Basically, before using recursion to get the nth Fibonacci number, we will search in memory to see if that value was previously calculated and then use it, like a cache.
Now, we will change our code a little bit to support this:
let timesExecuted = 0;function fibonacci(n) { const innerFibonacci = m => {
timesExecuted++;
if (m <= 0) {
return 0;
} else if (m <= 2) {
return 1;
} else {
return innerFibonacci(m - 2) + innerFibonacci(m - 1);
}
}
return innerFibonacci(n);
}const result = fibonacci(40);
console.log(result); // 102334155
console.log(`Times executed: ${timesExecuted}`); // 204668309
As you can see, we now defined a function innerFibonacci that will be in charge of calculating the value, and we now have a wrapper called fibonacci, which is the function that will be executed initially and the one that will return our result.

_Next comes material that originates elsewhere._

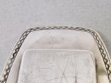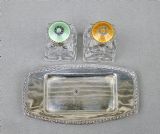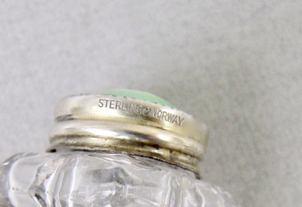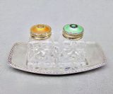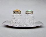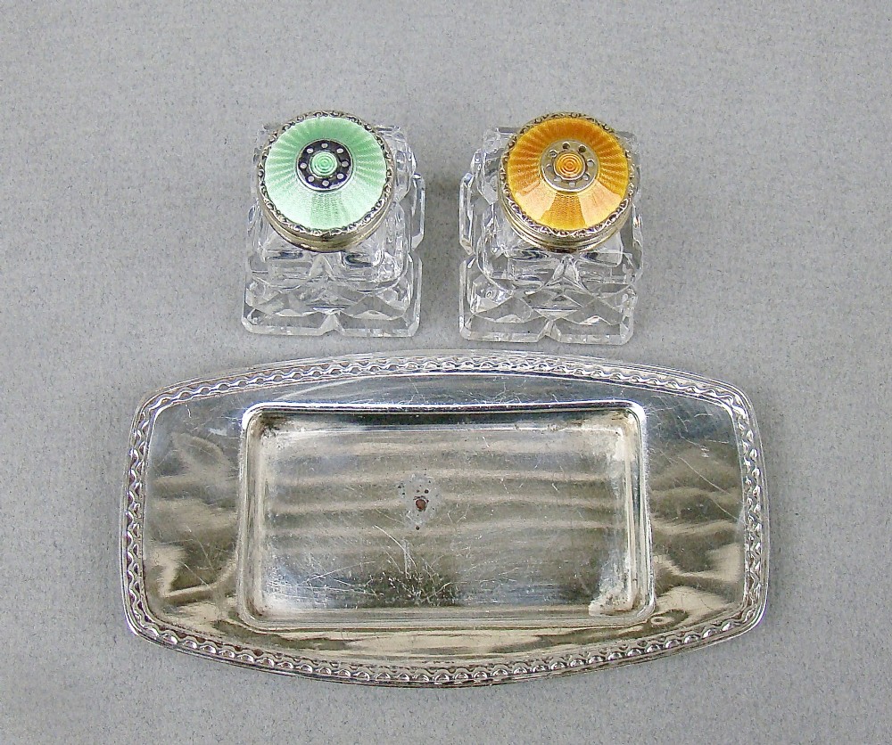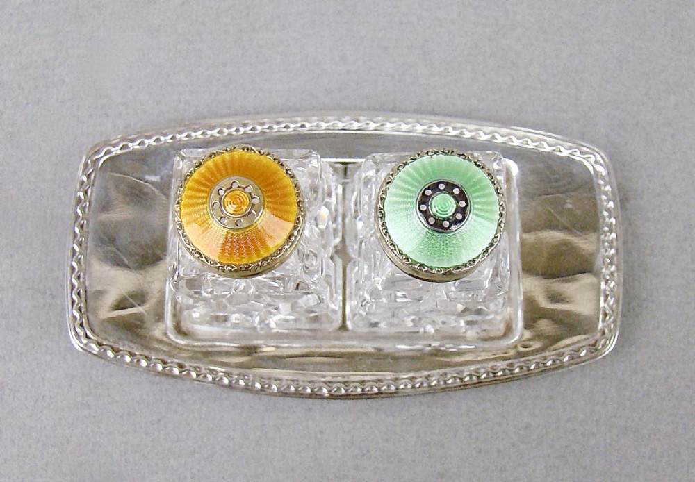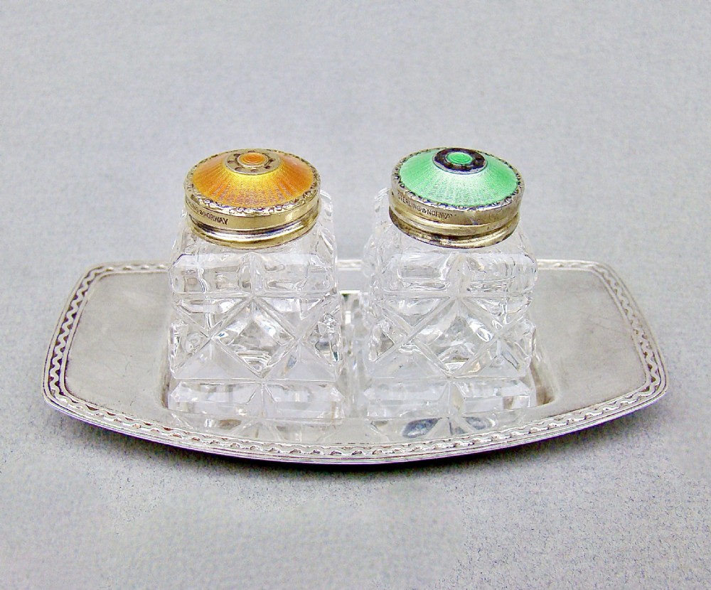 pair of norwegian art deco silver and enamel salts on silver stand circa 1930

With this, the next step is to create a storage variable inside our wrapper function to store our partial results and check if there’s a previously calculated value before computing new values.

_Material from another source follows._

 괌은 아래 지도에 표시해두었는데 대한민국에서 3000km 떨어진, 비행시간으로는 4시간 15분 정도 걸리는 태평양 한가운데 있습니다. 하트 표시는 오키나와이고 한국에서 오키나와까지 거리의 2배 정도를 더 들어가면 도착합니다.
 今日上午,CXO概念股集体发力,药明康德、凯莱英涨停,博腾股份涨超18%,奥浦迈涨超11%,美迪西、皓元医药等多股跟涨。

This is how it would look:
let timesExecuted = 0;function fibonacci(n) {
const fibonacciCache = new Map();
const innerFibonacci = m => {
if (fibonacciCache.has(m)) {
return fibonacciCache.get(m);
} else if (m <= 0) {
timesExecuted++;
return 0;
} else if (m <= 2) {
timesExecuted++;
return 1;
} else {
const resultInner = innerFibonacci(m - 2) + innerFibonacci(m - 1); timesExecuted++;
fibonacciCache.set(m, resultInner);
return resultInner;
}
} return innerFibonacci(n);
}const result = fibonacci(40);
console.log(result); // 102334155
console.log(`Times executed: ${timesExecuted}`); // 41
Can you believe it? 41 times vs 200 million times, that’s incredible. We are using a javascript Map to store our data, but you can use a native Object if you wish, or whatever data structure you like the most. There’s still some room for improvement though. We can try to remove the timesExecuted++ and a few ifs to avoid repetition, and we can sort things a little bit better.
Let’s try doing it:
function fibonacci(n) {
const fibonacciCache = new Map();
// Predefined values
fibonacciCache.set(0, 0);
fibonacciCache.set(1, 1);
fibonacciCache.set(2, 1);
const innerFibonacci = m => {
if (fibonacciCache.has(m)) {
return fibonacciCache.get(m);
} else {
const resultInner = innerFibonacci(m - 1) + innerFibonacci(m - 2); timesExecuted++;
fibonacciCache.set(m, resultInner); return resultInner;
}
} return innerFibonacci(n);
}const result = fibonacci(40);
console.log(result); // 102334155
console.log(`Times executed: ${timesExecuted}`); // 38
With this new change, we are defining some values in our memoization cache so we can remove some if statements, and also, we are reducing our number of executions from 41 to 38. Easy!
Conclusion
Even though this is not the best solution for a Fibonacci algorithm, it can be useful to learn recursion and its complications. Also, with this implementation, you can have a little more knowledge of memoization and how can it help you improve the performance of your apps.
Do you think there’s a way to reduce the number of executions even more using this implementation? How would you change to make it even more performant?